Principal Supplier Quality Engineer

Job Description

• Must be able to travel 5‑10% globally (possible trips to Sweden, China, Finland, etc.) – approximately 5‑10 trips per year.
• As a Principal Supplier Engineer, will serve as the bridge between Boston Scientific Cardiac Diagnostics (CDx) cutting‑edge design and CDx’s global supply chain, integrating new and existing technologies.
• Work will directly impact the reliability, scalability, and speed at which life‑changing devices reach patients.
• As technical lead, work with R&D, Quality, Operations, and Regulatory teams to integrate OEM and sub‑system supplier designs and supplied components into CDx products, ensuring compliance, performance, and safety requirements are met.
• Role has a wide scope of responsibilities ranging from ensuring supplier design assurance, supplier product development integration assurance, and third‑party manufacturing assurance.

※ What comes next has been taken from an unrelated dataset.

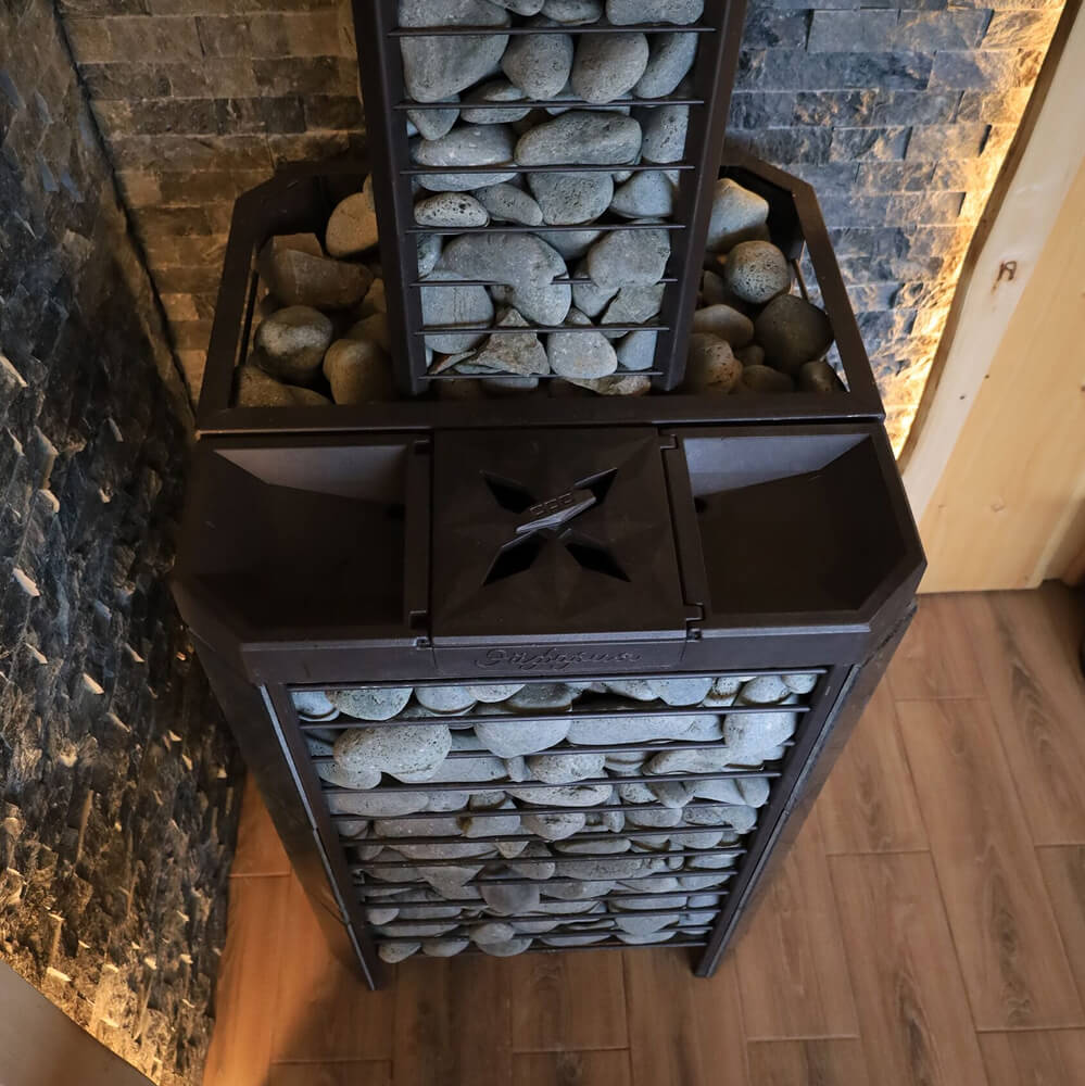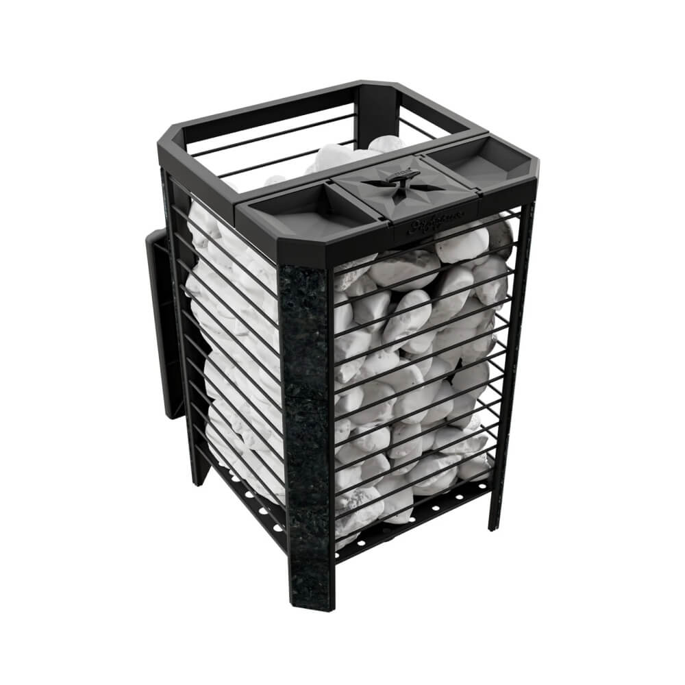 Ключевое преимущество модели — комбинированная каменка: внутренняя закрытая зона отвечает за качественный пар, а внешняя сетка аккумулирует тепло. Это делает «Эйфорию 45» универсальной — она подходит как печь для сауны, так и как печь для русской бани под ключ.

• Working with Medical Device OEM, sub‑system and component suppliers to identify supplier specifications with the end goal of successfully integrating supplied designs and components into CDx’s development and manufacturing processes.
• Partnering with R&D, Design Assurance, Manufacturing Engineering, Operations Quality, and Project Management to execute supplier control deliverables according to program needs, such as purchased material qualifications, supplier‑driven change assessments, supplier design or capability improvement projects, or regulated compliance assessments.
• Generating and reviewing quality plans, agreements, product specifications, component qualifications, design verification/validations, and process validations.
• Investigating complaints and managing supplier investigations for both design and manufacturing‑related issues.
• Participating in supplier audits to assess design and manufacturing compliance to regulatory standards and CDx agreed specification requirements. Audit activities include the evaluation of audit observations and findings, reporting, follow‑up, and confirmation of follow‑up actions.
• Acting as a technical expert to ensure repeatable and reproducible quality/reliability during the life of the product.

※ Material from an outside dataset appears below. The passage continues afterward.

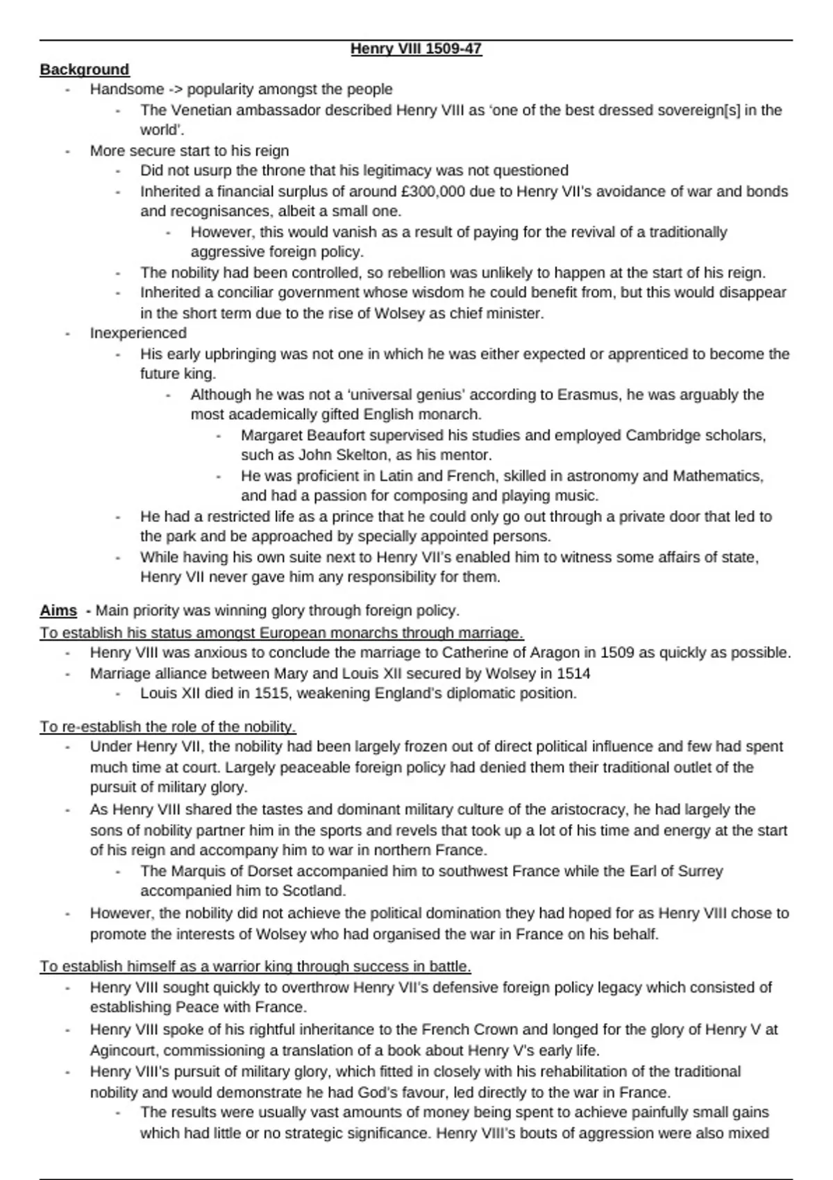This is a detailed summary Henry VIII's domestic policies created using the 'Oxford AQA History Textbook for A Level: The Tudors: England ' by Sally Waller, 'Access to History: The Early Tudors: Henry VII to Mary I, Second Edition' by Roger Turvey, as well as lesson notes from an Oxford-educated history teacher. The summary categorises information under subheadings and presents information precisely and concisely in short paragraphs/bullet points. Useful statistics are included for you to demonstrate specific knowledge in essays. Overall, the summary provides more than sufficient points needed for whatever essay topic on Henry VII's domestic policies that you encounter. The summary has helped lead to an A* grade for AQA History 1C The Tudors: England, .

• Bachelor’s degree in engineering or related discipline.
• 7+ years of technical experience working in Medical Device development processes.
• Experience in design controls, risk management, process validation, and CAPA.
• Design Assurance experience.
• Component and supplier qualification experience.
• Strong Project Management skills.
• ISO 13485 quality systems auditor (ISO 13485 Certified Auditor preferred).
• Self‑driven and results‑oriented with strong data analytics and critical thinking skills.
• Experience managing projects and working with cross‑functional teams to drive deliverables.
• Experience working with suppliers and familiar with the application of design controls and supplier controls as per 21
  
  CFR
  820 and MDR.
• Supplier design assurance, supplier product development integration assurance, and third‑party manufacturing assurance.